Re: Late summer flowers


Nan wrote:

>It is the end of summer, a time when I always look into my garden and wish
>I had more in bloom.  

Ah those twinges of autumn!  Brings on thoughts of winter which I find
depressing, so I concentrate on plants that carry on and keep me
reminded of summer.  This way, winter doesn't start until mid
December, autumn is barely noticed and once I've recovered from
Christmas and New Year's celebrations, spring is almost here and its
time to start all over again.  

>Spring and early Summer are glorious, but by the time
>we get to August and September, "the thrill is gone."  So my friends, tell
>me what is blooming in your gardens this time of year so that I can plan on
>what to plant this fall and spring for late summer blooms.  I am especially
>interested in what I think of as "sunset" colors -- orange/yellow,
>blue/purple, with a touch of red.

Well, I tend to plant with the last 4 months of the year in mind since
it is all too easy to have a marvelous show earlier on and little
other than fond memories by September.  Here, lavishly hued Cannas in
every colour apart from blue and a pure white will carry on until
forced into dormancy by frosts.   Hedychiums - the butterfly gingers,
give a prolonged display well into December during most years since
new growths are produced as the original ones commence flowering.
This allows for a degree of continuity over several months.  Hedychium
greenii has wonderful glossy, mahogany coloured shoots which terminate
in showy red flowers and even before the first have oopened, new
flowering shoots are thrusting upwards to provide October and November
flowers.  H. gardnerianum ( a dreadful 'weed' in parts of the world)
opens its exceptionally fragrant flowers like yellow and scarlet
firecrackers at stage from July onwards and those borne later during
cooler weather seem more vivid and longer lasting.    H. densiflorum
gives 8" long, dense cylindrical spikes of pale scarlet, small flowers
from July until December and also provides extra colour with seed pods
that are rich coral salmon inside, studded with glistening red
berries.  Less colourful but heavily fragrant, the original 'butterfly
ginger' - Hedychium coronarium continues to flower for at least 4
months of the year and if night temperatures remain above 50F., it
will carry on for much longer.  Here, the main colours or white and
cream with the occasional pale salmon or pink hybrid.

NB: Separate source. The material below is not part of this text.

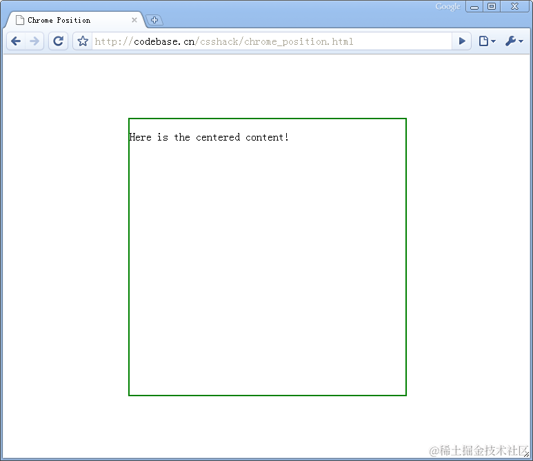 这样,在FF3、IE6/7中都能,很好的实现水平和垂直居中,而在chrome中,出现了问题。
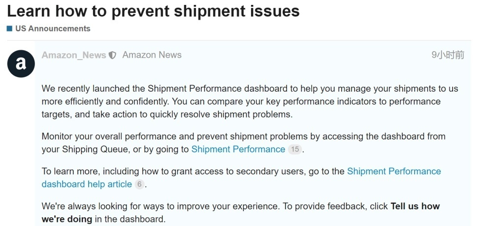 对此,亚马逊也在后台的问题指导中表示,此次推出货件绩效仪表盘,是为了帮助卖家更高效地管理货件,避免出现例如贴标和预处理错误、数量差异和安全问题等货件问题。

Brugmansias will continue to bear their huge drooping trumpets well
into October and November with the scarlet and yellow B. sanguinea in
particular relishing the cooler conditions.  Provided daytime
temperatures remain above 60 with night-time not falling much below
50, the more flamboyant and heavily fragrant insignis hybrids will
continue to bloom.  Tropaeolum tuberosum - a scarlet and yellow
'climber' from Peru wont even try to flower until day lengths become
shorter and in more southerly latitudes often start in late October.
Here in the UK the true species commences during late September,
continuing until the first frosts - which in many UK gardens, often
occur very shortly afterward.  A selection known as 'Ken Haslett'
flowers earlier and is better for cooler areas.  Diascia patens
clothes fences and walls with countless thousands of half inch wide,
brick pink flowers from early August until December and then after
brief rest, starts to do it all again from February right through to
early June.  South African 'daisy bushes' - Euryops, flower almost
continuously providing a cheery splash of almost brassy yellow until
very late in the year.  E. chrysanthemoides is particularly useful in
the respect.  Another South African - Bulbine fruticosum carries its
bright orange and yellow pokers some 2 feet or more tall, up to
December and is often at its best in September and October.   A good
one for dry poor soils this - its succulent, pencil thick, grey green
leaves form large hummocks which seem to tolerate almost anything
apart from really severe frosts.

Two climbers that are particularly good for flowering from late summer
until early winter are the vivid blue purple Ipomoea indica (learii) -
pan tropical 'weed' and the magnificent Pandorea jasminoides from
Australia.  The former is common and needs plenty of feed and moisture
to prevent that bedraggled, tired look, but is a wonderfully colourful
plant nevertheless.  The Pandorea oozes tropical splendour with is
showy, pale pink trumpets shot with intense, almost velvet carmine.  A
glossily leaved evergreen climber, it will run for well over 30 feet
in suitable areas and with me, is in flower from June to December.